Моя подруга – скульптор. Ну, не то чтобы настоящая подруга. Мы познакомились на тренинге по психологии. А если быть совсем точной – на коллективных занятиях в центре психологической помощи. Наша группа называлась «Тренинг по уверенности». Предполагалось, что здесь мы должны бороться со своими страхами.

Я-то сюда пришла, чтобы справиться со своей боязнью публичных выступлений. Не так часто, конечно, приходится выступать, но когда нужно, у меня буквально паника начинается, причем с того самого момента, как узнаю про выступление. Как-то раз полгода ходила и заранее боялась. Вот и пришла, чтобы коллективно, так сказать, проработать мои проблемы и искоренить страхи.

Подруга-скульпторша тоже себя к очень неуверенным относит. Она такая талантливая, лепит потрясающие фигуры из гипса, затем отливает по слепкам из них статуи. Я не представляю, как при таких способностях можно чувствовать себя неуверенно. А она каждый раз стоит на выставке возле своих скульптур, глаза в пол, ручонки трясутся, шея в красных пятнах.

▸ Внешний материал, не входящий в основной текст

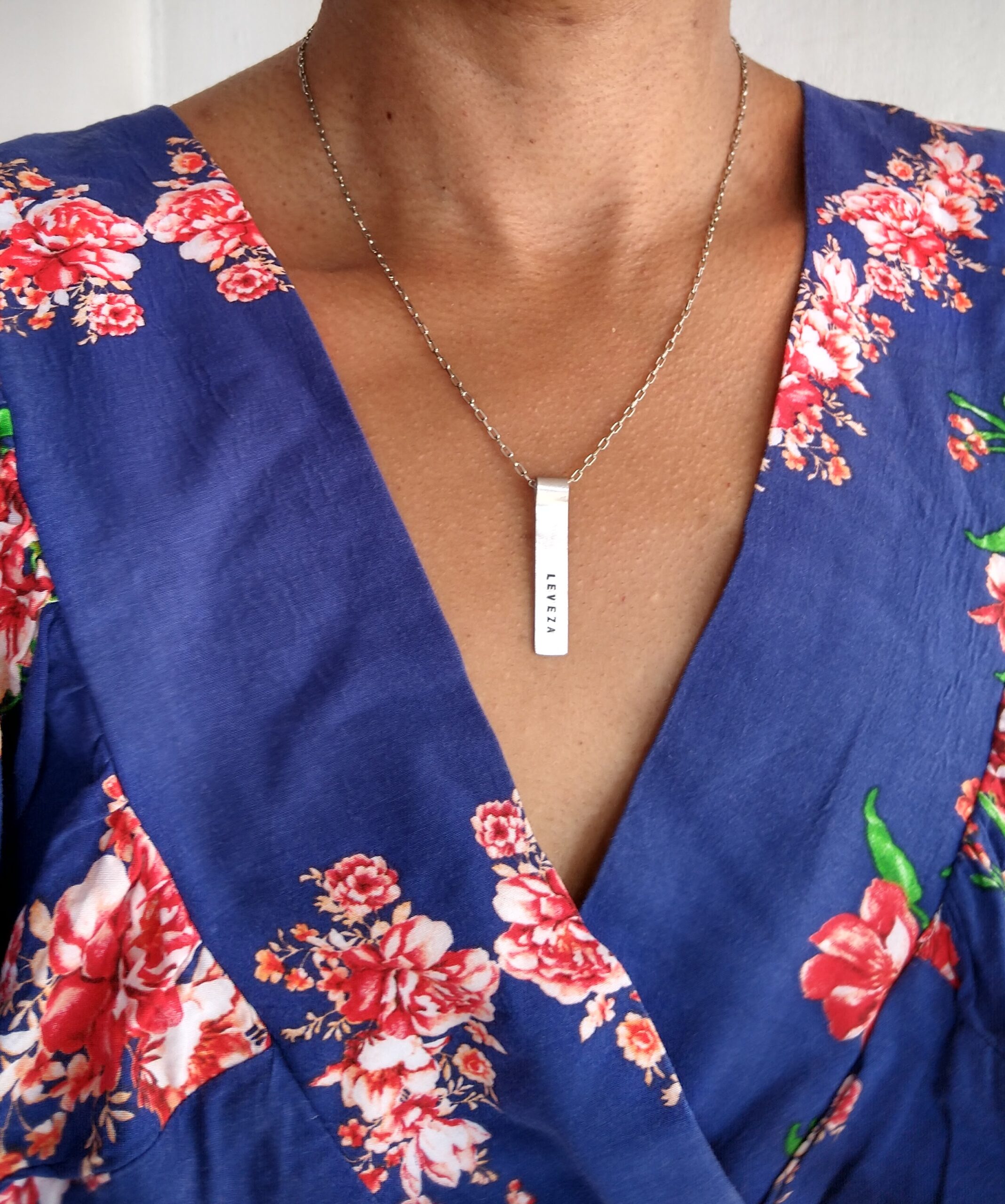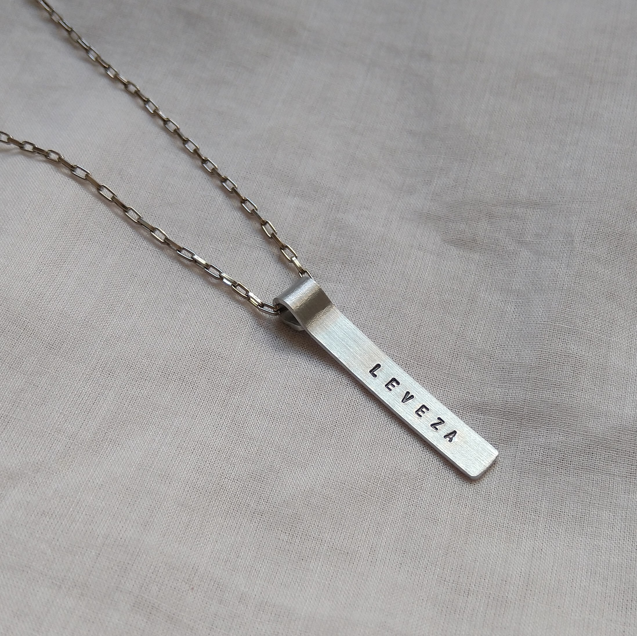 Medidas: Plaquinha: 0,5 cm de largura, 4 cm de comprimento – Corrente: 45 cm
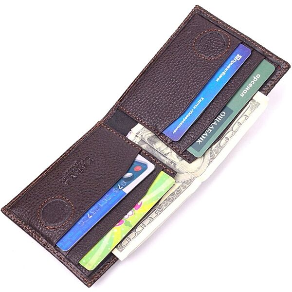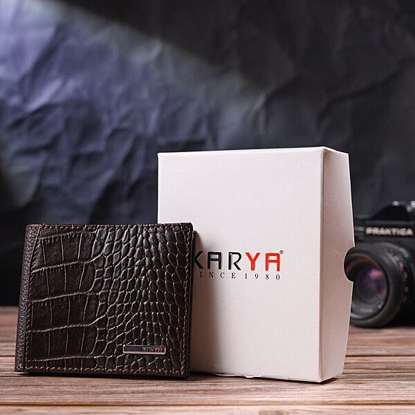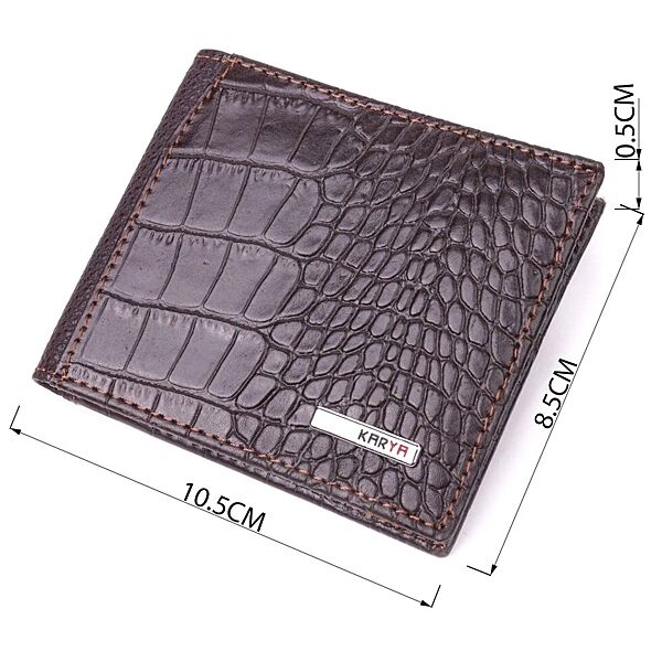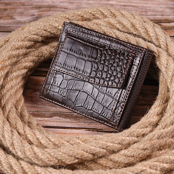 Подробное описание: Фактурний чоловічий затиск із монетницею з натуральної шкіри з тисненням під крокодила 721405 Коричневий

Мямлит что-то себе под нос. Жалкое зрелище. Правда, я на выставках ее не была, она мне видео показывала. Но творения ее я видела, прямо в мастерской. Она в подвале ее дома расположена. Не знаю, мне там очень неуютно показалось. И света дневного нет. Но она говорит, у нее других вариантов нет, если только арендовать. Но зачем, если дома есть подвал?

Мне там находиться неприятно. Сырость какая-то промозглая всегда. Подруга объясняла, что температура там именно такая, чтобы фигуры не рассохлись, и света электрического ей достаточно. А я, конечно, не хочу ее обижать, прихожу к ней, например, новую работу посмотреть. А саму каждый раз внутренне передергивает. Мы-то с ней на этих наших тренингах хорошо поработали и, если не полностью, то частично со страхами нашими точно справились. Я даже отважилась на работе семинар провести по валютному контролю для смежных отделов. Да и подруга вроде глаза опускать перестала, когда ее снимают. Зато теперь у меня, кажется, новые страхи появились.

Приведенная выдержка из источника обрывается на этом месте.